Vestnik Evropy () (Herald of Europe or Messenger of Europe) was the major liberal magazine of late-nineteenth-century Russia.  It was published from 1866 to 1918.

The magazine (named for an earlier publication edited by Nikolay Karamzin) was founded by Mikhail Matveevich Stasyulevich, a former professor of history, who remained the publisher-editor until 1909; its editorial office "was located in Stasyulevich's flat at 20 Galernaya Street and was one of the centres of St. Petersburg's cultural and political life (the journal's major contributors as well as their friends and associates used to get together on Wednesdays)." The first issue appeared in March 1866; for the first two years it was a historical quarterly, but from 1868 it covered history, politics, and literature and came out each month. "The journal always had a serious, objective, professorial character; even in the most heated polemics, for example, it shunned harsh invective and often even avoided naming its adversary." It consistently supported the zemstvos, judicial reforms, and other reforms of the 1860s, publishing frequent articles on foreign countries and on Russian history that served to promote its own views on contemporary society and politics. It "placed its dark red monthly booklet, 'like a little brick, on the slowly and arduously erected structure of social rights and consciousness.'"

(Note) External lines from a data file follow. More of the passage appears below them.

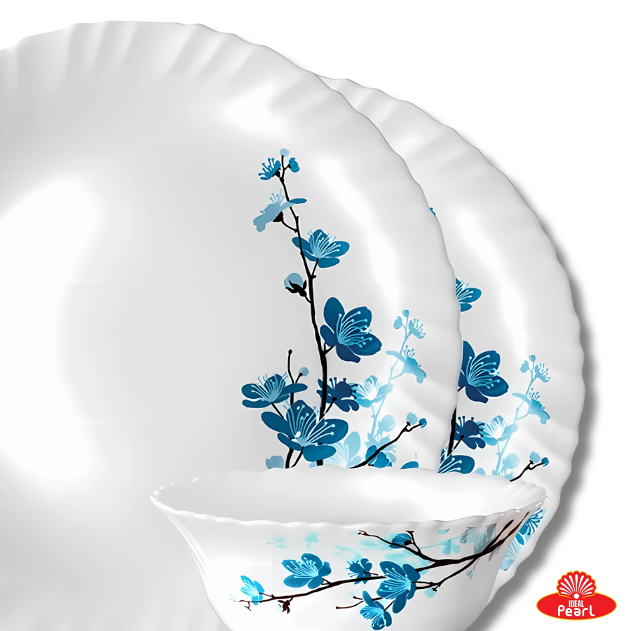 Add a touch of elegance to your dining table with the Borosil Larah Fluted Dinner Set in the charming Mimosa pattern. Crafted from toughened opal glass, this set is chip-resistant, non-porous, and hygienic—perfect for everyday use or special occasions. The lightweight design ensures ease of handling, while the vibrant yellow floral prints enhance the aesthetic appeal of your meals. Microwave-safe and dishwasher-safe, this 19-piece set blends functionality with beauty.
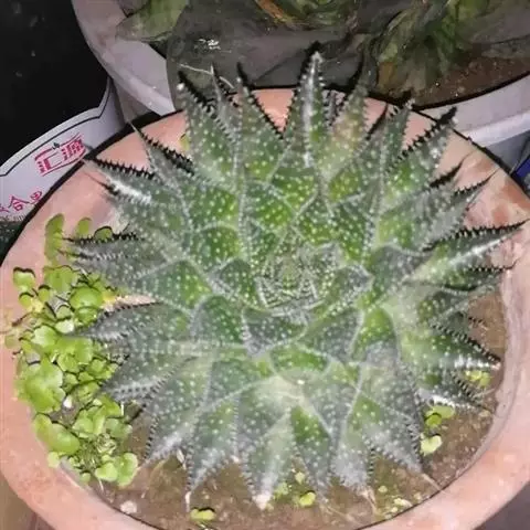 琉璃姬孔雀又名羽生锦,是阿福花科芦荟属的多年生植物,多肉植物。分布于非洲的马达加斯加。肉质叶密集丛…
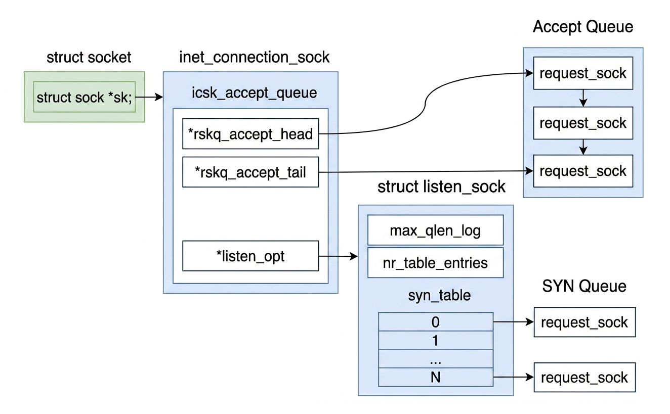 The accept queue is a simple linked list because FIFO access is all we need — a head pointer and a tail pointer are sufficient. The SYN queue, on the other hand, is managed through listen_opt, a pointer to a listen_sock:
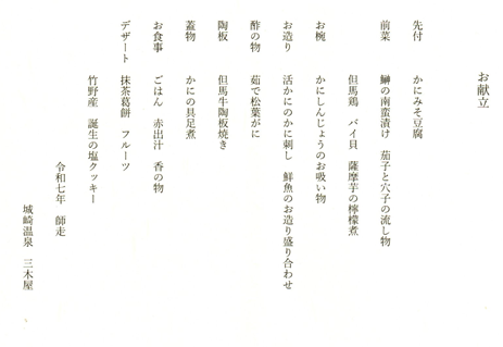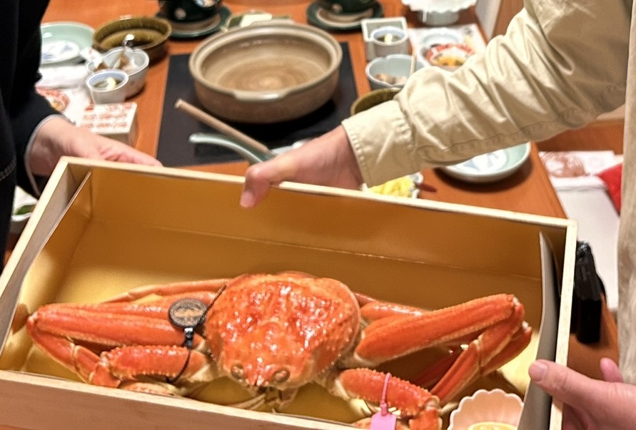 - 漁の季節には是非ずわいがにを味わいたい。但馬牛も有名。今回は「タグ付きがに使用!活がにのゆでがに・かに刺しと但馬牛の会席」プランを選択
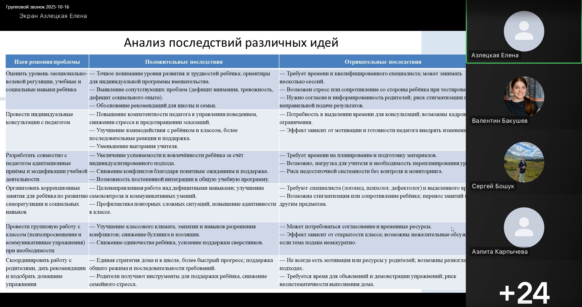 Согласно плану работы МКУ РЦ «Детство» по методической поддержке специалистов психологических и социально-педагогических служб общеобразовательных организаций МО г. Краснодар и плану работы научно-практической мастерской «Организация и сопровождение инклюзивного образования» 16 октября 2025 года на платформе Сферум проведён семинар-практикум для педагогов-психологов общеобразовательных организаций, осуществляющих психолого-педагогическое сопровождение обучающихся с ОВЗ. Участие в вебинаре приняли 32 педагога-психолога, осуществляющих психолого-педагогическое сопровождение детей с ОВЗ.
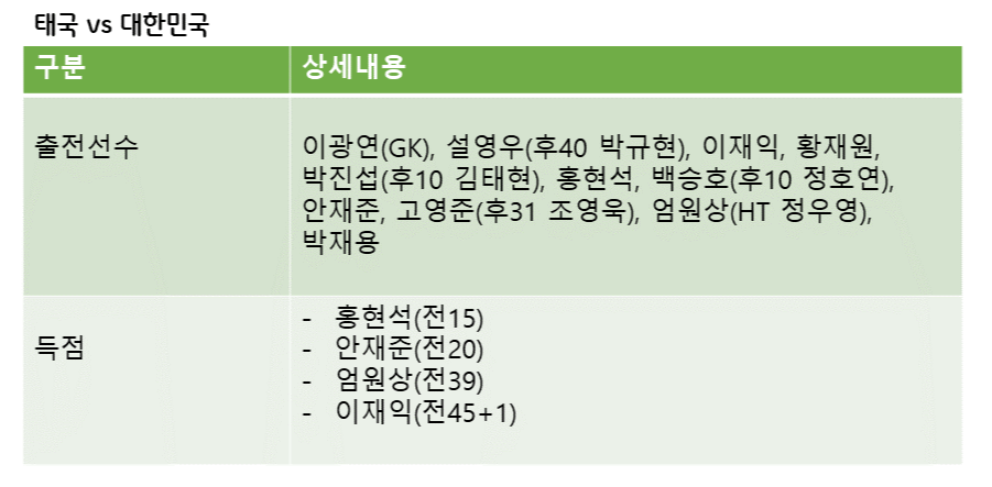 예선 2차전에서는 태국을 4:0으로 이기고 16강 진출을 확정지었는데요.

During the heated ideological struggles of the 1870s and 1880s, the magazine tried to steer a course between moderate reformism and the kind of revolutionary socialism it consistently opposed;  Leonid-Lyudvig Slonimsky, a frequent contributor on economic and political topics, wrote a regular "Foreign Survey" which he used "to sketch the outlines of an ideal relationship between liberals and socialists in Russia’s not-too-distant parliamentary future, which involved one group supplementing its program with demands for social reforms and the other abandoning its calls for revolution." In the 1880s, it repudiated state socialism "as a matter of principle, while continuing to build on the arguments in favor of state interference, which it saw
as guaranteeing the people’s welfare"; it also "rejected both the absolutization of the right to private ownership of land and the idea that the land should be nationalized."

Following the 1905 Russian Revolution, many of its members joined the Constitutional Democratic Party, which separated the journal more and more from the radical movement, and in the spring of 1918 its publication was suppressed by the Soviet authorities (the last issue was March 1918).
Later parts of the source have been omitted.